The plasma itself often loses clarity. It may appear more cloudy, dense, or particulate, indicating a higher load of circulating material that the body is working to process or move.

Other common indicators include:

  • Reduced space between red blood cells, showing crowding or loss of free movement
  • Sluggish or restricted flow across the field
  • White blood cell activation, where cells appear more engaged, irregular, or in higher numbers
  • Protein strands or webbing, beyond simple fibrin threads, suggesting protein dysregulation
  • Cell membrane irregularities, where red blood cells lose their smooth, defined edges
  • Microclotting patterns, where small clusters or blockages begin to form in the plasma

Together, these markers reflect a system under strain. The blood is carrying more than it is clearing, and the internal environment becomes more reactive.

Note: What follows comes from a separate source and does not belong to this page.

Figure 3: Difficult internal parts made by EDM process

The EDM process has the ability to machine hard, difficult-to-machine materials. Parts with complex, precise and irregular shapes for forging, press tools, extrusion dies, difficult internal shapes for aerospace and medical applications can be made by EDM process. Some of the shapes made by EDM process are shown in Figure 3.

This is where inflammation becomes visible, not as a theory, but as a change in movement, spacing, and clarity within the blood itself.

I also think we have to remember that circulation is not just about moving oxygen. It is about transport, delivery, communication, and removal. The bloodstream delivers nutrients, carries hormones, moves immune signals, and removes metabolic waste. If removal is compromised, what remains behind becomes part of the problem. Waste in the plasma is not passive. It changes the environment. It can irritate tissues, alter viscosity, disrupt the electrical and mineral balance, and place a greater burden on the kidneys and vascular system. In that sense, the heart is not simply pushing blood forward. It is dealing with the consequences of the whole body’s condition.

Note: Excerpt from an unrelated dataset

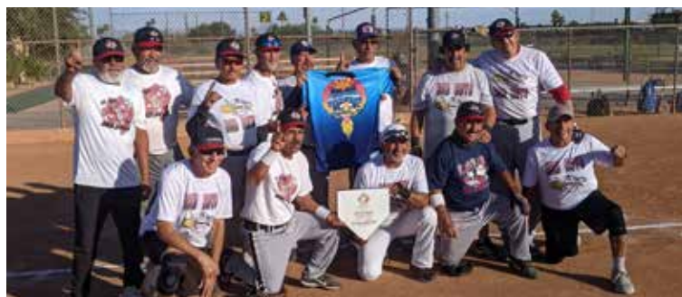
El Paso Bad Boys 60 (TX)

AAA Division, Team Southwest/Woodies (NM) avoided the dreaded double-dip, by knocking off Crawfords (MI), 20-17, in the "if" game.

This is why I find it so strange when heart disease is discussed without serious attention to kidney function, electrolyte balance, hydration status, mineral relationships, and waste clearance. The body depends on gradients, charge, and fluid intelligence. Sodium and potassium are not just numbers on a lab slip. Magnesium and calcium are not side notes. These are part of the electrical language of the body. They affect muscle contraction, vascular tone, nerve signaling, water distribution, and rhythm itself. When these are disturbed, the heart feels it quickly. When the kidneys cannot regulate well, the whole cardiovascular system enters a different state.

There is also a wider ecological lesson here. In the same way that soil must drain properly, hold the right minerals, host the right biology, and cycle waste efficiently in order to support plant life, the body must maintain a living internal terrain where fluids can move, nutrients can be exchanged, and waste can be transformed or removed. Healthy soil is not just dirt. It is structure, water balance, microbial life, mineral availability, oxygen flow, and decomposition working together. Blood and plasma are not so different. They are part of an inner ecology. If the terrain becomes compacted, stagnant, depleted, or overloaded, life struggles. If the terrain is supported, the whole system becomes more resilient.

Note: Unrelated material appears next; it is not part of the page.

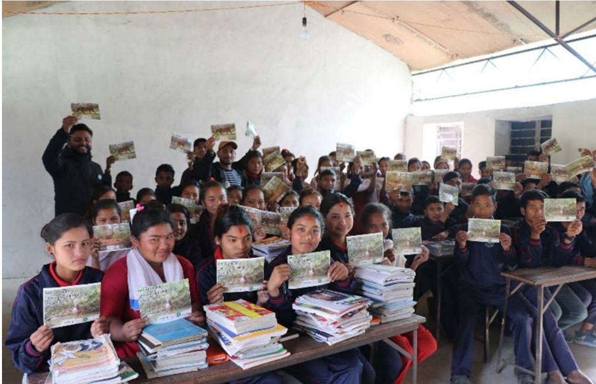
Photo: 3 School awareness programs about conservation of tiger and leopard.

So yes, it amuses me, and it angers me, that inflammation is being treated like some dramatic new insight into heart disease. It should never have taken this long to say that irritated tissue, poor waste clearance, mineral imbalance, kidney burden, and fluid dysfunction affect the heart. Of course they do. The real question is why medicine has insisted for so long on breaking the body apart into separate specialties, separate organs, separate diagnoses, and separate drugs, when the evidence of connection has always been right there in front of us.

The heart is not a lonely organ failing in isolation. It reflects the condition of the blood, the vessels, the kidneys, the minerals, the fluids, and the terrain as a whole. If we want to understand heart disease more honestly, we need to stop obsessing over isolated markers and begin looking at the quality of the inner environment itself.

That is where the deeper story has always been.